* [TASK ITEM]
Copy the data exactly. Images are to be left out.

* [GIVEN INFORMATION]

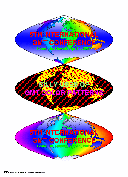 Example 19. This example illustrates that we can make GMT to color patterns in two ways: (1) set up coastline (or other) clippaths and then use grdimage to display an image inside the path, or (2) colorizing any of the 90 built-in patterns.
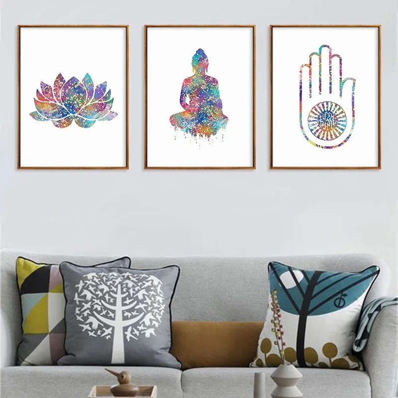 Абстрактное искусство, акварельная статуя Будды, красочный Лотос, пальма, холст, живопись дзен, Современное украшение для дома, гостиной, картина
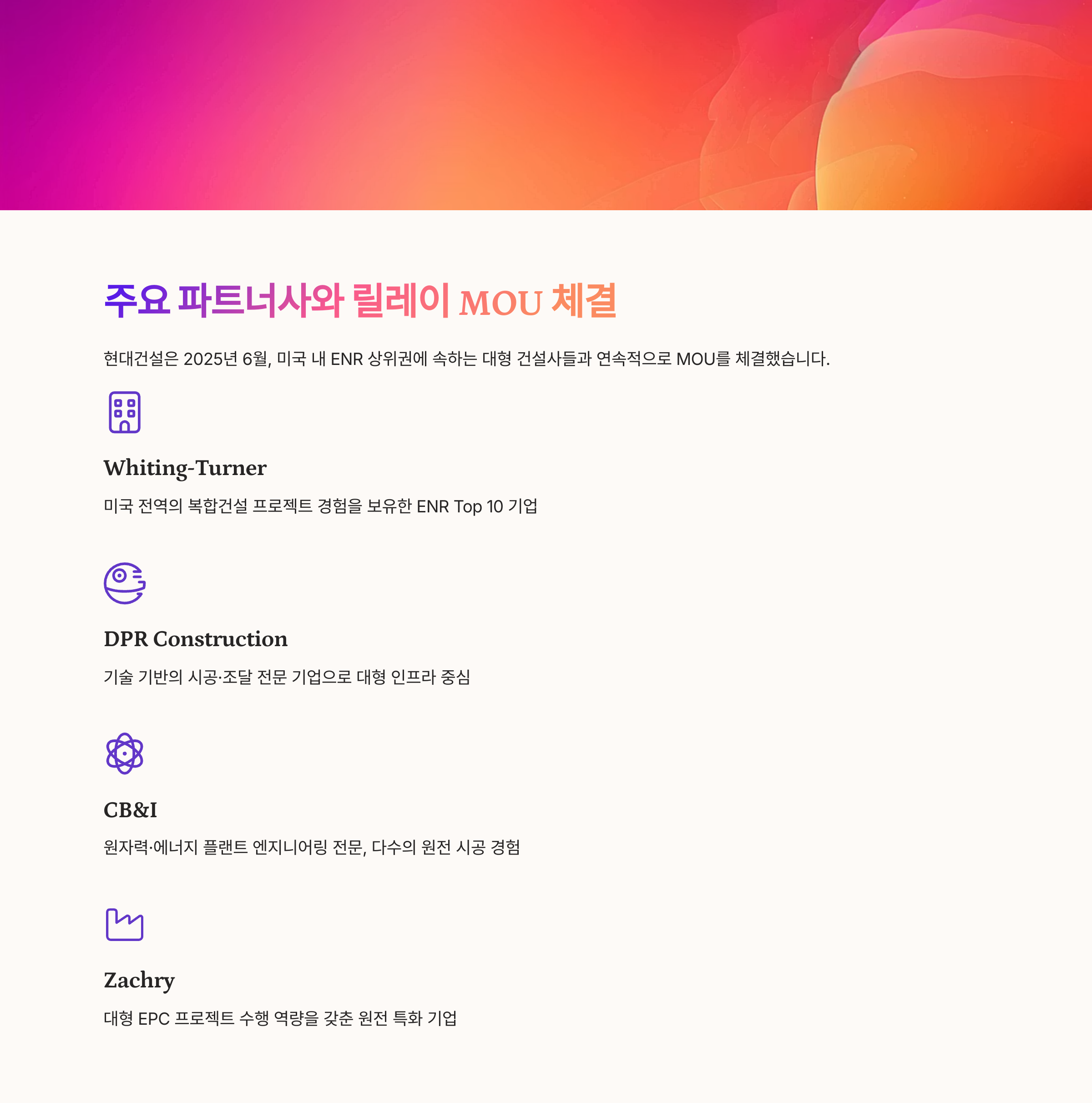 파트너사들은 미국 내 ENR(Engineering News-Record) 상위권에 속하는 대형 기업들로 구성되어 있으며, 각각 원전 및 복합 플랜트 시공에 강점을 지닌 기업들입니다.

* [TASK ANSWER]
 Example 19. This example illustrates that we can make GMT to color patterns in two ways: (1) set up coastline (or other) clippaths and then use grdimage to display an image inside the path, or (2) colorizing any of the 90 built-in patterns.
 Абстрактное искусство, акварельная статуя Будды, красочный Лотос, пальма, холст, живопись дзен, Современное украшение для дома, гостиной, картина
 파트너사들은 미국 내 ENR(Engineering News-Record) 상위권에 속하는 대형 기업들로 구성되어 있으며, 각각 원전 및 복합 플랜트 시공에 강점을 지닌 기업들입니다.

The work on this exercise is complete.